Soziologen / Psychologen
Hans Joas
Horst-Eberhard Richter
7.
Theologen / Kirchenvertreter
Hans-Martin Barth
Heinrich Bedford-Strohm
Roman Bleistein SJ
Eugen Drewermann
Karl-Josef Kuschel
Hans Küng
Jörg Lauster
Thomas Löhr
Reinhard Marx
Johanna Rahner
Michael Seewald
Magnus Striet
8.
Humanisten
Helmut Fink
Arek Platzek
Michael Schmidt-Salomon
Frieder Wolf
Für jemanden, der gerne Briefe schreibt, stellen sich die Fragen: Was macht den Reiz meines Schreibens aus, an wen richte ich mich, wer ist mein nächstes »Opfer«? Und weiter – wenn es nicht um den Austausch relativ banaler persönlicher Erlebnisse geht – welche Themen treiben mich an, wie erkläre ich mein Anliegen, meine Argumente dem Gegenüber? Und wenn ich geschrieben habe – wie nimmt mein Gegenüber das auf, ist der Angesprochene bereit, sich auf meine Argumentationen einzulassen und womöglich in einen Dialog einzutreten? Daraus folgernd: Hat mein Schreiben überhaupt einen Sinn, eine Wirkung oder verlieren sich meine Worte im Nichts?

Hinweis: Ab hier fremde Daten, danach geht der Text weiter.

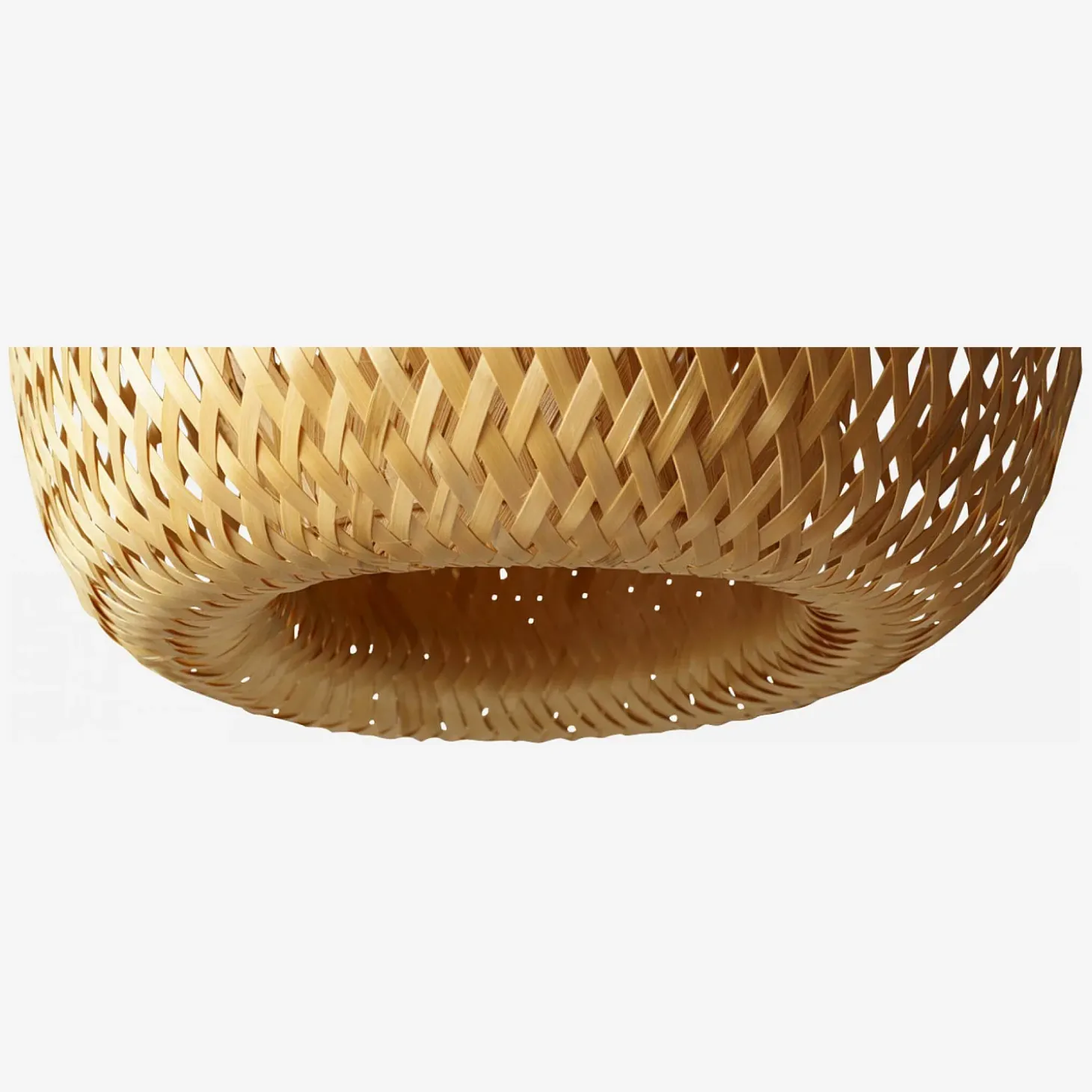 L’abat-jour pour suspension Sime en bambou mesure 37 cm de diamètre. Il se compose de deux cloches tressées à la main et imbriquées l’une dans l’autre pour un éclairage feutré et une ambiance chaleureuse.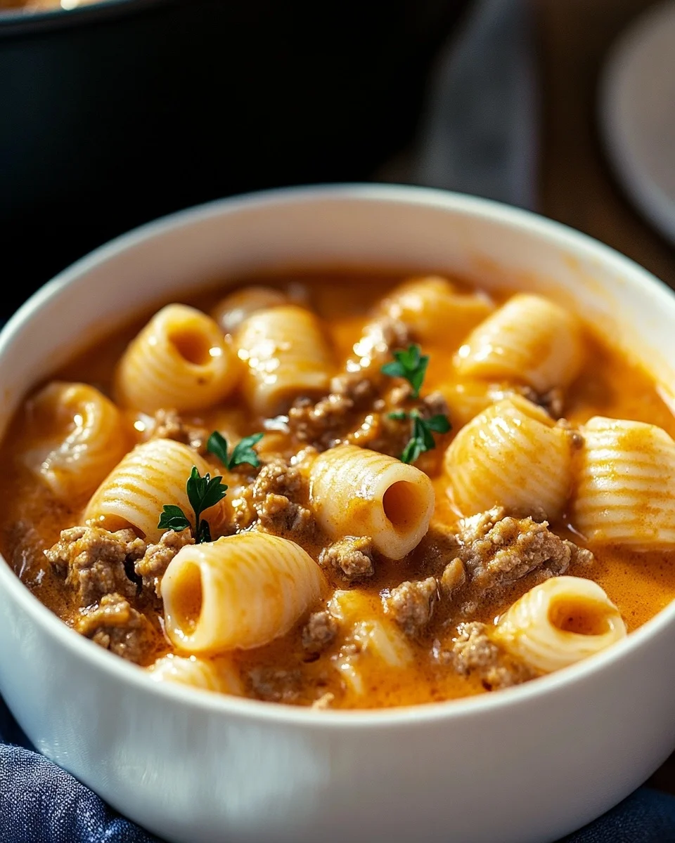 - Return cooked ground beef and pasta to the skillet, tossing to coat.

Der Reiz des Briefschreibens ist das persönliche Gegenüber, jemand, den man sich vorstellen und auf dessen Argumente man sich einlassen kann. Der stilistische Reiz ist die Gesprächsform. Sie ist lebendiger als jede sachliche Abhandlung, veröffentlicht in einem »Medienorgan«. Hinzu kommt der Zwang, die eigene Position für sich selbst zu schärfen und sie überzeugend verständlich zu machen.
Vorliegende Briefe wandten sich an ein breites Spektrum von Adressaten. Anknüpfungspunkte waren deren Aussagen in Zeitungen oder Interviews, die zu kritischen Anmerkungen reizten. Vorwiegend – aber nicht nur – ging es um weltanschauliche Fragen, meistens bezogen auf Positionen des christlich religiösen Weltbilds und dessen humanistisch säkularer Gegenseite. Zugleich war es der Versuch, den eigenen Gegenentwurf eines »polaren Weltbilds« einzubringen, schmackhaft zu machen..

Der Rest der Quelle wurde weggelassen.